For a while this was what had happened, yet no Melayu had been given the opportunity to become president of the republic.

Now that the post is elected by the voters, chances for a Melayu to become president are even remote.

There is simply no Melayu in Singapore who can fit the bill to contest in the presidential election in Singapore, even if the PAP government wants to nominate one.

So the new Singapore Dilemma is: It now has to decide if they want to repeal their own ISA or not.

They had said they would do it, if Malaysia did it first.

Their new leaders do not remember this ‘pledge’ which was reported in the papers. It was probably made by some senior in their cabinet.

Now the PAP government says they are not about to do it, since their own version of the ISA is not the same as that of Malaysia.

No ISA is different than the other.

Long-time ISA detainee of Singapore Poh Thye Chia, who has served 26 years in prison and the last few years living on an isolated island by himself stand to gain the most from this talk on ISA.

He and fellow former ISA detainees of Singapore are suddenly given a trust.

Could Poh become the leader of the New Singapore? He can.

The more he is left alone in physical restriction on the island, the more he will become a freedom icon.

On the contrary, if he is finally released back to society, he can do as much damage to PAP as he languishes on the island.

Either way, the PAP government loses. The future of the PAP in Singapore is bleak. They had achieved their peak after barely forty-eight years forming the government.

Repealing the ISA had created Malaysia into a new freedom icon. It challenges America’s position and standing in the democratic world.

Guantanamo Bay must be shut down, so that America can aspire to come up to par with Malaysia’s.

There is nothing that America can teach Malaysia on democracy, but there are a lot of things that Malaysia can teach America on it.

Poh can be trusted to lead the fledging opposition of Singapore who despite having won six seats in the last general election, yet, they do not seem to have any real leader.

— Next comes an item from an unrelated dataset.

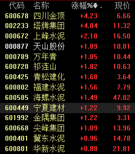 周一早盘,水泥板块全线上涨,截至发稿,四川金顶、塔牌集团涨超4%,上峰水泥、天山股份、万年青、祁连山等跟涨。
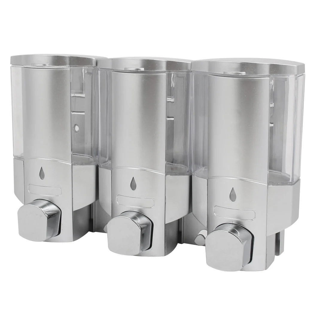 ABS Plastic Wall Mount 3 Chember Soap Dispenser Silver Tone, 300ml Capacity Each for Bathroom and Kitchen - Silver Tone

This act is cunning as it is surreal.

Anyone who is seen to be a leader of the opposition can be targeted. So they end up not having one.

In the end, it is the voters of Singapore who are the ‘leaders’ of the opposition.

And forty percent of the voters of Singapore comprising of about 800,000 are those who did not care to vote for the PAP. And the number is increasing by the day.

The repealing of the ISA by Malaysia in the last day of August, which is the Merdeka or Independence Month of Malaysia, sees a tide to the Left in Singapore.

Now with the reemergence of Poh, there is a very good chance for the tide to surge forward even more and in all directions.

But in Singapore – and it is a Uniquely Singapore! way, the people are just voters. And they have to wait for the polls to come around for them to show their true feelings.

In normal pre- or post-elections time, they remain placid keeping their feelings and emotions on anything concerning Singapore to themselves.